When she joined citizenM in 2017, the company had opened 12 hotels: one in North America, one in Asia, and 10 in Europe. Today, there are 22 citizenM hotels worldwide, with five opening in North America this year and another five scheduled to open next year. Dean’s first solo project was in Copenhagen, followed quickly by Zurich and Geneva. Her current projects include hotels in Dublin and near Victoria Station in London.

Dean describes her job as being similar to an owner-rep, joking, “My job is to say ‘no,’ to be the bad cop. I’m a bit of a chameleon that a design manager needs to motivate the local teams, but basically I give final approvals from a brand and aesthetic perspective on every aspect of our buildings, including the exterior, the front of house, and the guest rooms. I’m not onsite every week taking measurements and making a punch list. I’m there to make sure that the feel is right, and then I’ll draw on my architectural knowledge and problem solve if it isn’t.”

Many of citizenM’s hotels in Europe are in historically protected buildings, so Dean has to liaise between internal teams to ensure that the brand standards are effectively modified to accommodate the retrofits. One thing that makes the process easier is that citizenM owns the buildings it operates. “In some ways, we’re more like a real estate investment company than a hospitality company,” Dean explains. As opposed to the franchise model of big chains like Hilton and Marriott, “we buy properties, develop them to our needs, and then operate and maintain the building ourselves. We’re vertically integrated, so if we want to make changes, we don’t need to get a bunch of owners in line. We just do it.”

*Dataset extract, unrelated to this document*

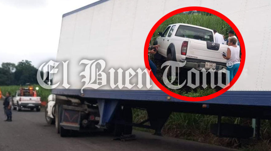 Cuitláhuac.- Una camioneta en la que viajaba una familia terminó fuera de la carretera, al chocar contra un tráiler que circulaba en el tramo San José de Abajo y San José del Corral.

That doesn’t mean it’s easy, though. Each country has its own standards and its own understanding of roles and responsibilities. For the Copenhagen project, Dean and her team didn’t realize that Danish architects don’t work past RIBA stage four. They produce the construction document set that goes out to bid, but they don’t vet the tenders or provide construction oversight. “There was that sense of being ready to break ground and looking around and saying, ‘Where is everybody?,’” Dean laughs. Brand standards also can be lost in translation, especially when local architects want to put their stamp on the work. “We know what we want, and we tell you what we want. There’s no room for interpretation, and that can feel constrictive to some architects.”

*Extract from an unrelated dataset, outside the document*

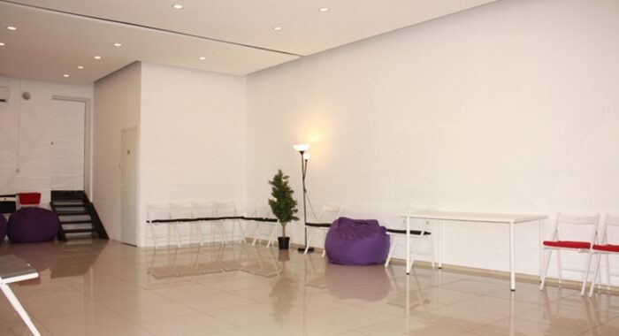 Светлый лофт с белыми стенами и удобным делением на зоны. Есть своя территория, которая дает возможность комфортно припарковать машину и организовать приготовление блюд на открытом вохдухе. Мангал для раположен во дворе, рядом с лофтом, пространство рядом с ним не оборудовано, как уличная площадка - для посиделок удобнее будет вернуться в помещение. При выборе этого варианта, стоит обратить внимание на то, что нужно будет принести свой уголь и шампуры (или решетку) - в лофте их нет. Повар или мангальщик здесь тоже не предусмотрены. Также стоит предварительно уточнить стоимость аренды мангала, и включена ли эта сумма в основную плату за аренду лофта.

The biggest challenges, though, are the wildly varying accessibility and fire codes between countries, which can have a huge impact on design. “I spend a lot of time adjusting room layouts to comply with local regulations,” she says. “In Geneva, we had to replace all of our bamboo because it’s technically a grass so it didn’t meet fire requirements for hard, dense woods.”

Dean counts her time at Taubman College, which she says “took a chance on her,” as yet another lucky break — the one that set her up for her current success. “Both my architecture and planning degrees taught me how to think, problem solve, and make connections, and that has served me well,” she says.

“Beyond that, having talked with colleagues who went to other institutions, I think we had more fun at Taubman.”